Я содрогнулся, увидев синеву. Увидев плотную, как тромб, желтизну. Увидев шрамы, которых там не было еще летом, когда мы гуляли вместе по торговым центрам, пока Ариадна спала.
– Это не самое страшное. У него – вся спина такая.
Мы ошарашенно молчали, даже Виктор.
– Вы не представляете, сколько мы так жили. – Фиц мученически протер лицо. – Прошлым летом она вывела нас из лабиринта средь бела дня, и никто ничего не заподозрил. Пока Хольд слушался, она нас не трогала. Но стоило ему перегнуть, и мы… Нас просто… Иногда казалось, что легче умереть…
– Но даже это мелочи на фоне того, что случилось на прошлой неделе…

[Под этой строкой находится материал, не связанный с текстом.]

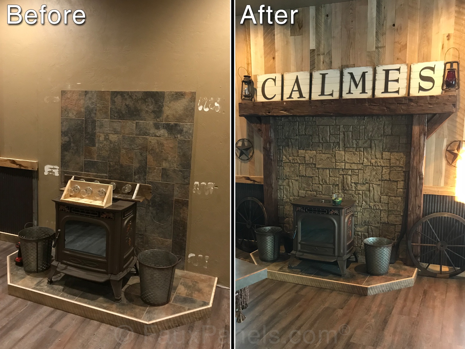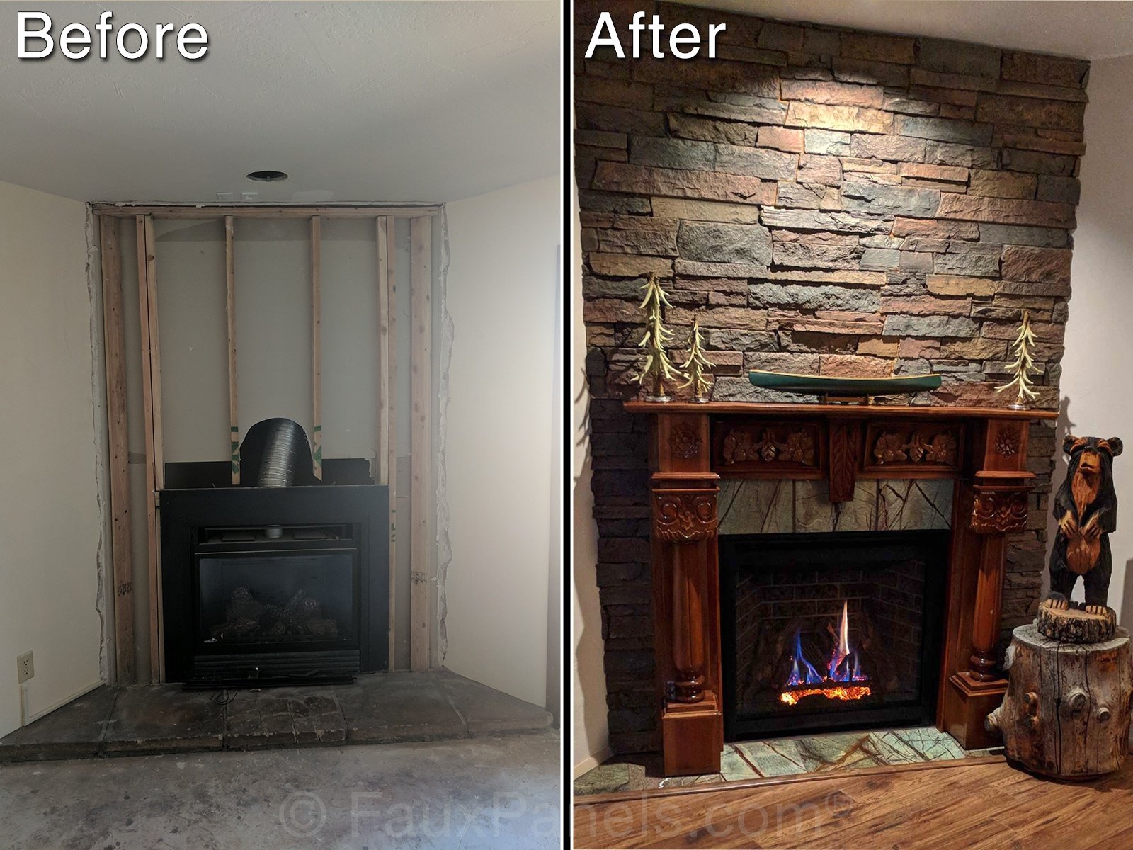 Before and after fireplace, Norwich Dakota Stonewall panels, in Earth color. Norwich Dakota Stonewall panels, in Earth color.
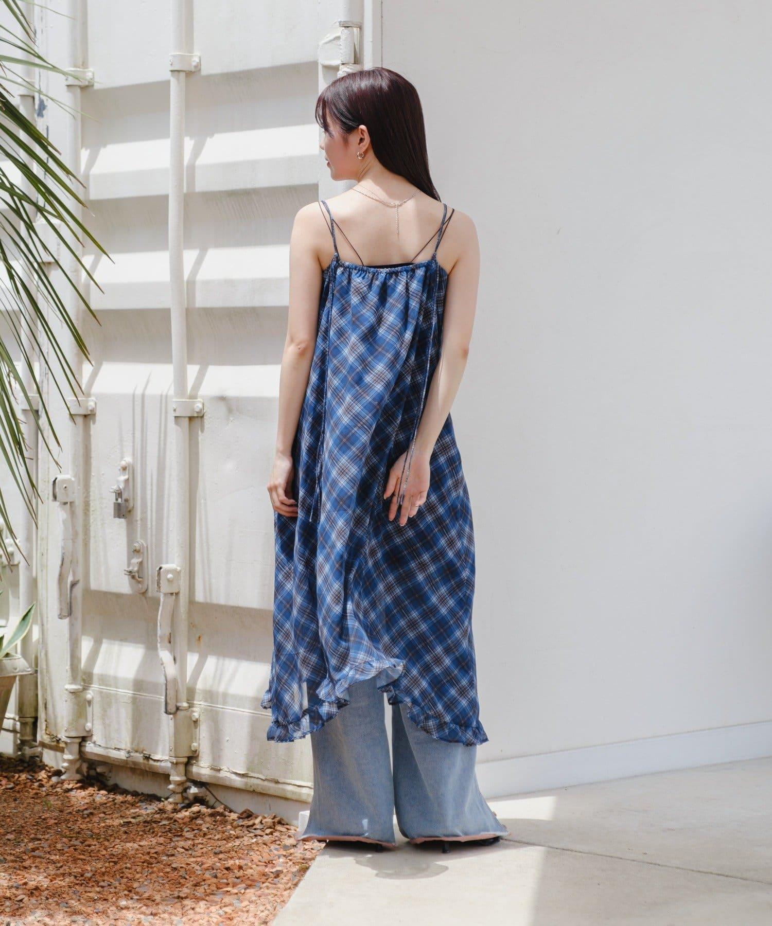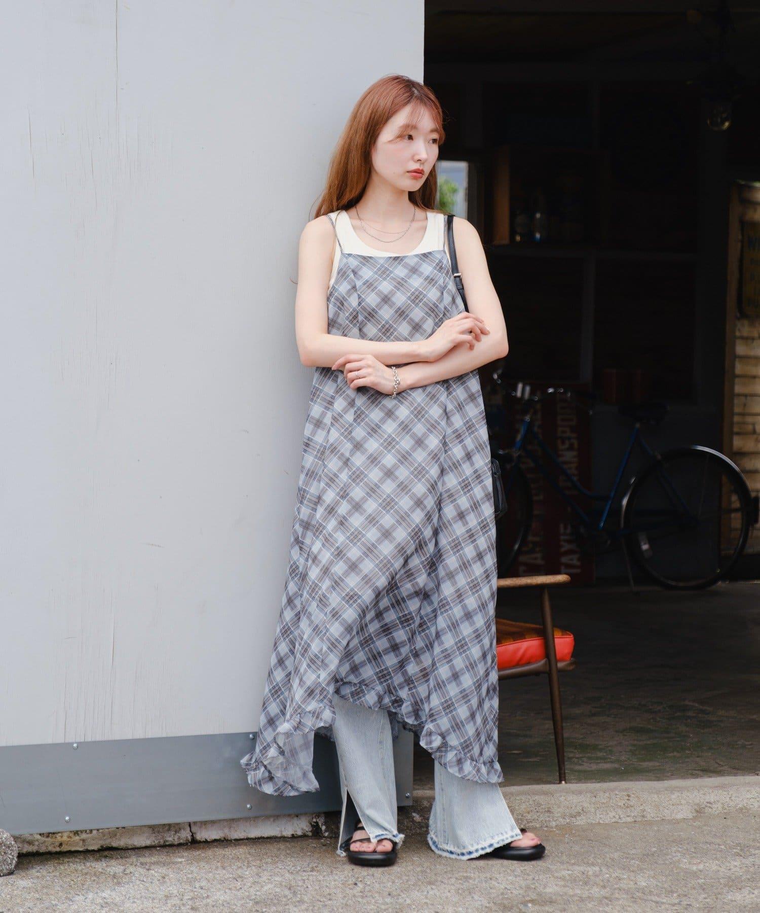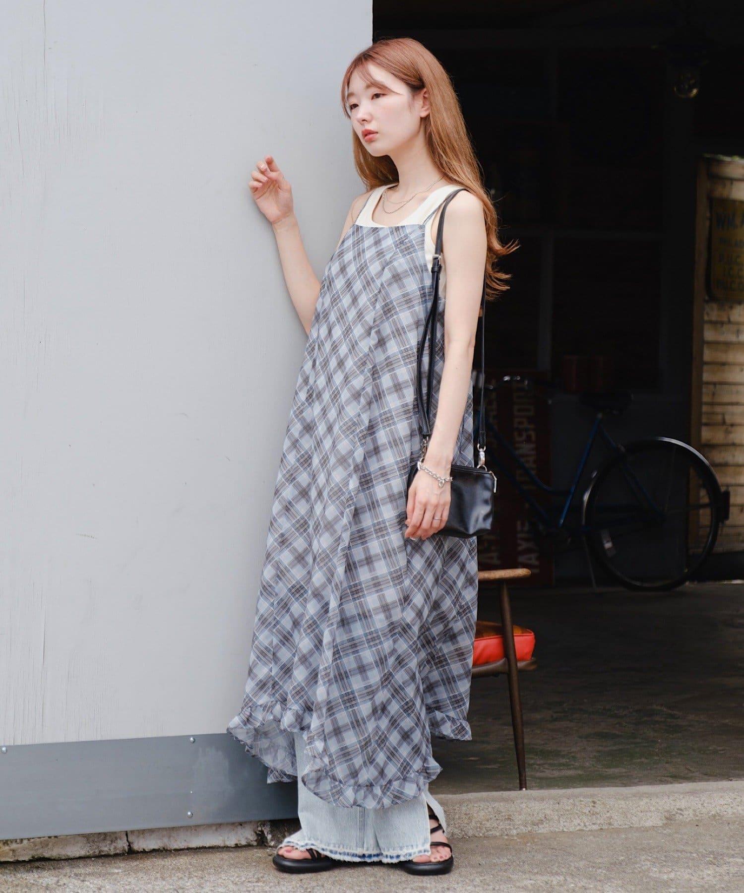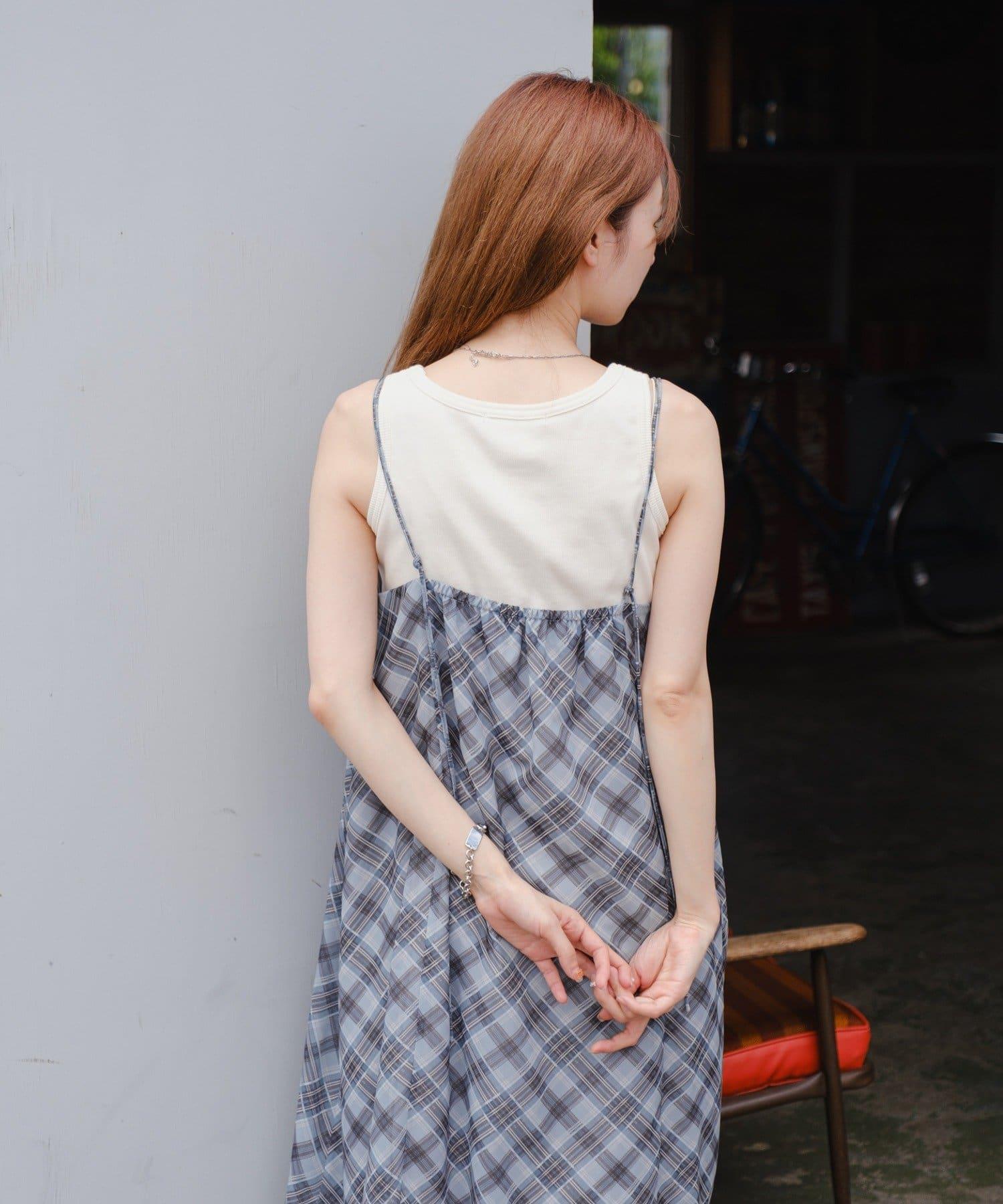 【肩帶可調節/內襯附】透視格紋不對稱連衣裙
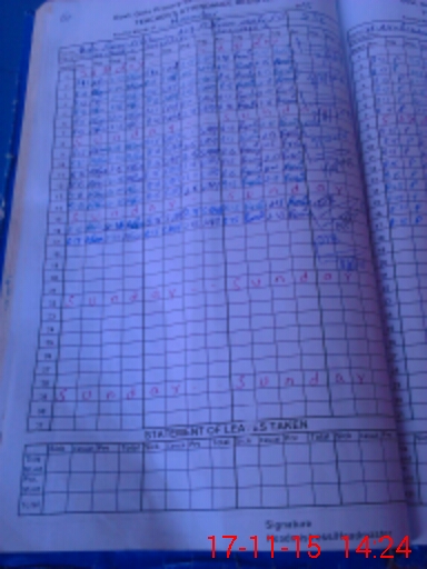 | CNIC | Full Name | Designation | R/C | Absence During Last Calender Month |
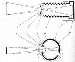 Рис. 1 . Схема, иллюстрирующая сходство между глазом и фотокамерой старого образца. 1 -затвор, ,2-диафрагма, 3-линза, 4-опорная структура, 5-светочувствительная пленка, 6-зачерненная поверхность, 7-веко, 5-радужка, 9-хрусталик, 10-склера, 11-сетчатка, 12-сосудистая оболочка.
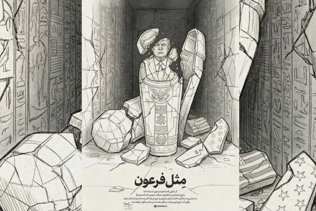 وجاء الرد على شكل صورة تمثال لترامب على هيئة مجسم فرعوني محطم، أرفقها بتعليق بالفارسية: “ذلك الأب الذي يجلس هناك متكبراً مغروراً، ويحكم على العالم كله، عليه أن يعلم أن المستبدين والمتغطرسين في العالم عادة ما سقطوا عندما كانوا في قمة غرورهم، وهذا أيضًا سيسقط، مثل فرعون”.
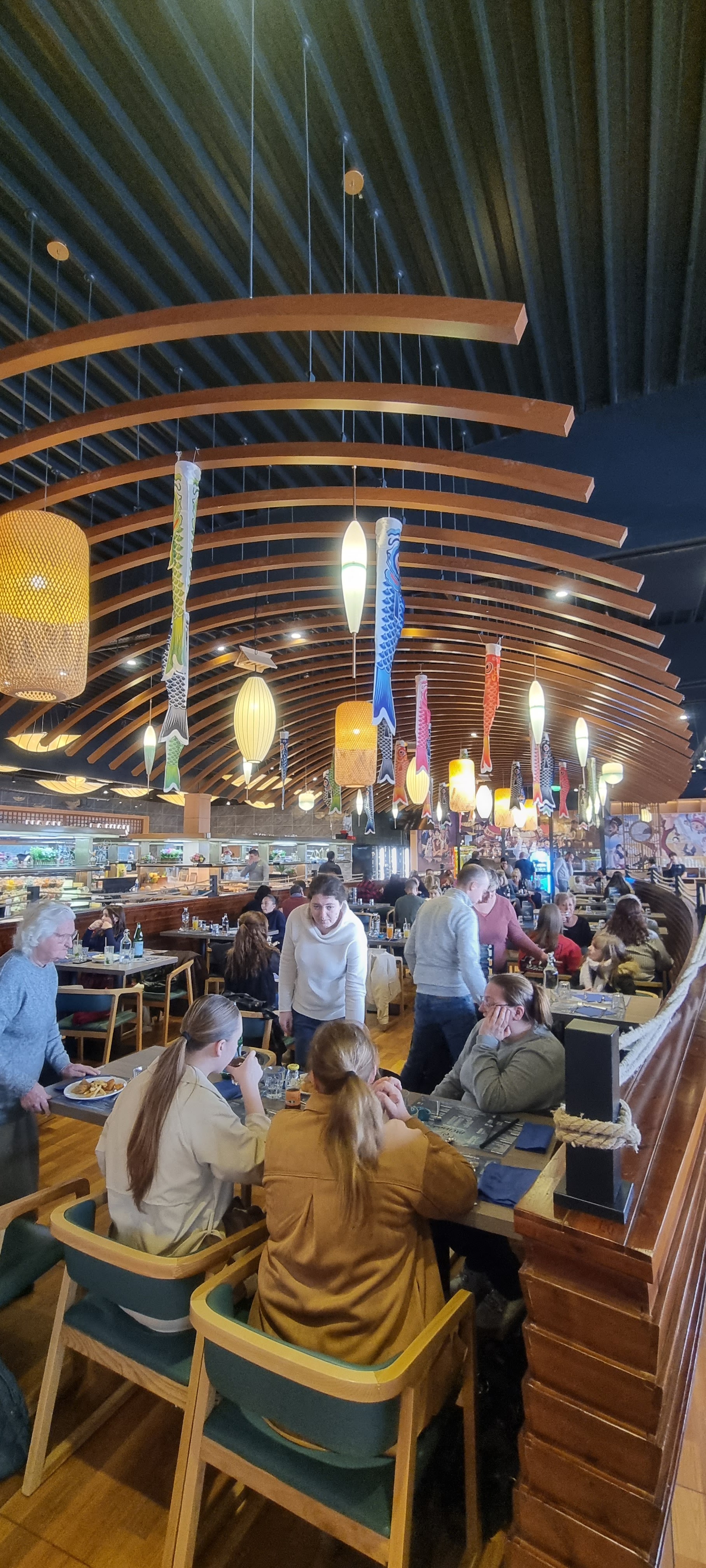 Buffet à volonté XXL ! Si vous aimez avoir le choix, vous serez ravis ! Pour en avoir testé 5/6 c'est le plus grand jusqu'à présent ! - 🍙Maki et sushis de toutes sortes, bons et bien faits ! - 🎣 Large choix de poissons et crustacés (cru ou cuits) - 🍰🍬le plus grand coin dessert que j'ai jamais vu, gâteaux très bons -Naan, Cheese naan (indien) et crêpes sucrées faites maisons, du jamais vu en restaurant asiatique. - 🌾 Nouilles de blé ET de riz ! top pour les personnes intolérantes au gluten ! - Du choix en plat cuisinés, en salades froides, en tout en fait 😂 Je me suis régalée, la décoration très bien réalisée avec beaucoup de goût, des coins cabane un peu excentré de chaque côté, pour plus d'intimité qui ont l'air top ! Quelques bémols tout de même : - Il manque des panneaux sur certains plats donc on ne sait pas trop ce que c'est - Les jeux enfants qui ont l'air tous payant ? ça manque d'un parcours avec des toboggans etc - Les tables vraiment trop serrées ! j'ai eu l'impression de manger avec le bébé de la voisine de table ce soir !! - Les chauffe plats un peu plus chaud, car le temps de faire le tour de l'immense buffet et de se rasseoir, c'est tiède. Si vous aimez manger de tout, de goûter à tout, n'hésitez pas, après vous n'êtes pas dans un restaurant fait maison, comme dans tout les buffets asiatique donc oui il y a du surgelé etc, ca peut être bruyant, surtout le week-end je suppose, déjà un mercredi soir, énormément de monde ! Oui certains plats partent vite, mais laissez leur le temps d'en remettre !
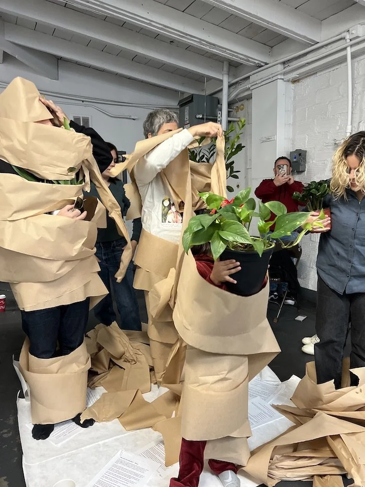 Each participant reads a portion of their displacement story as the others cover them in paper, silencing them, but their favorite plant emerges from the paper, and eventually they all break free and recite the rest of their stories in a strong chorus of multi-language voices.
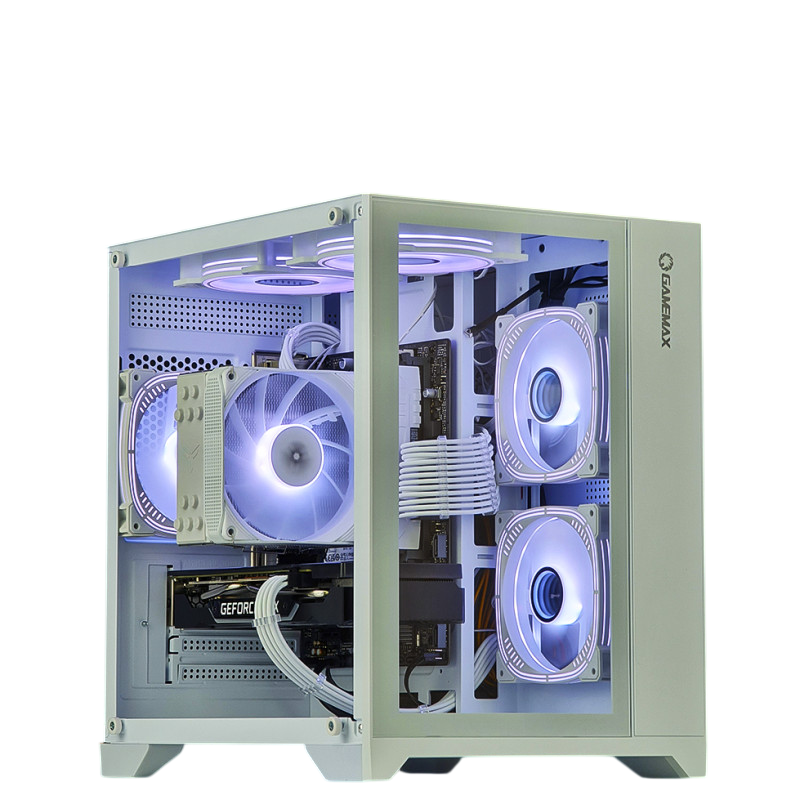 GameMax Infinity Mini White — корпус у білому виконанні з продуманою вентиляцією, що забезпечує ефективну циркуляцію повітря та підтримання оптимальної температури внутрішніх компонентів.
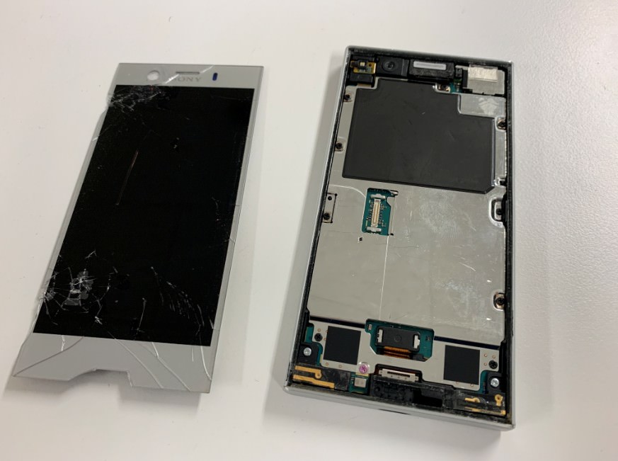 Xperia XZ1 Compact(SO-02K)の表面ガラスが割れて内部液晶が漏れてしまったり線が入ってしまって誤動作するようになってしまったということで、液晶画面交換修理のご依頼を頂きました。
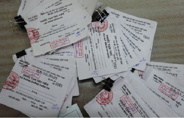 Các loại giấy tờ phiếu thu giả mạo có dấu xác nhận của cơ quan chức năng
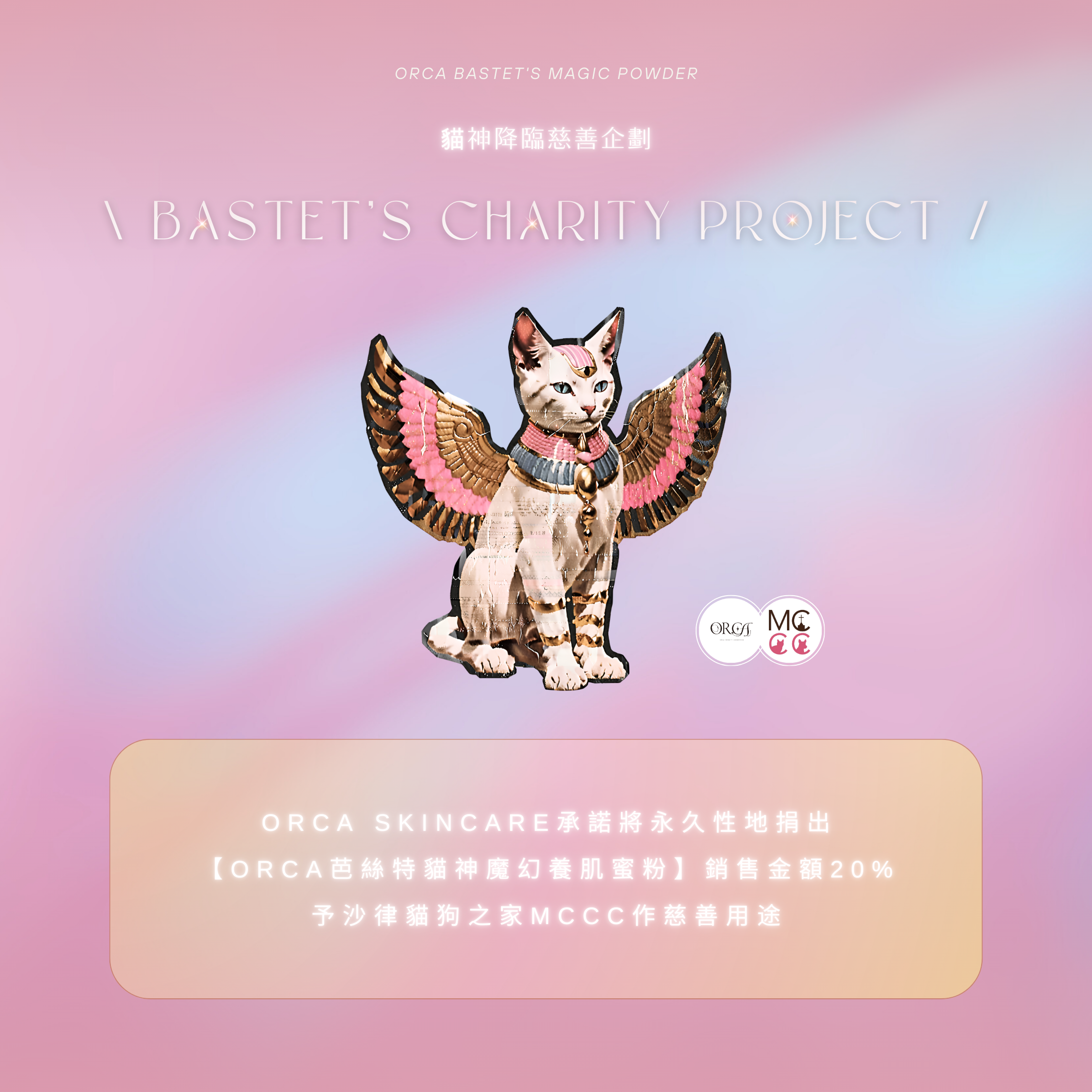Orca Skincare 將會永久性地把【ORCA芭絲特貓神魔幻養肌蜜粉】銷售金額的20%,以每月月結的轉賬形式捐贈予MCCC沙律貓狗之家作慈善用途
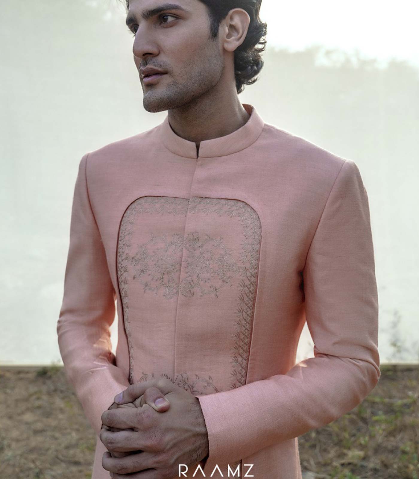 Just peachy arch indo-western with thar embroidery plum italian trouser
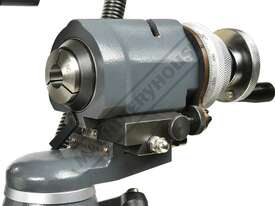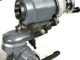 With the accessories provided the universal "D" bit grinder can be set up to grind end mills, slot drills and drill bits.

– После ссоры с Обержином?
Я даже не понял, что услышал собственный голос. Он пробивался откуда-то издалека. Элиза осела, глядя в никуда.
– Мы уже ложились спать, вечером в понедельник… Но вдруг оказались на какой-то смотровой площадке. Шел ужасный ливень. Светил прожектор. Мы стояли на перилах, а там, под ногами, ничего не было. Этажей десять вниз… Абсолютного ничего. И только он… Напротив, руки вот так, наверху, просит смотреть на него… Слушать его… Но цена, которую он заплатил тогда, чтобы мы снова могли его слушать… – Элиза зажмурилась, мотнув головой. – Она вся была на его лице…
– Мы были в шоке. – Фиц тоже подобрался к краю дивана. – Он ничего толком не объяснил, повторял только, что больше никакой «Эгиды» и все будет хорошо. А когда мы вернулись домой, то узнали, что уже среда. Она держала нас двое суток, прежде чем он сдался.
Фиц протянул к сестре руку и погладил по волосам. В глазах обоих стояли слезы. Они были безутешны, как призраки, наконец признавшие собственную гибель.
– Госпожа-старший-председатель сейчас слышит нас? – тихо спросила Тамара.
– Смутно, – обронила Русалка. – Но эффект от химии недолгий. Как раз чтобы полюбовно все решить.
Я попытался вспомнить, что делал в среду, но в голове была только пятница. Почему я ушел? Почему не поговорил с ним, когда он стал задавать странные вопросы? Почему не захотел ничего понять?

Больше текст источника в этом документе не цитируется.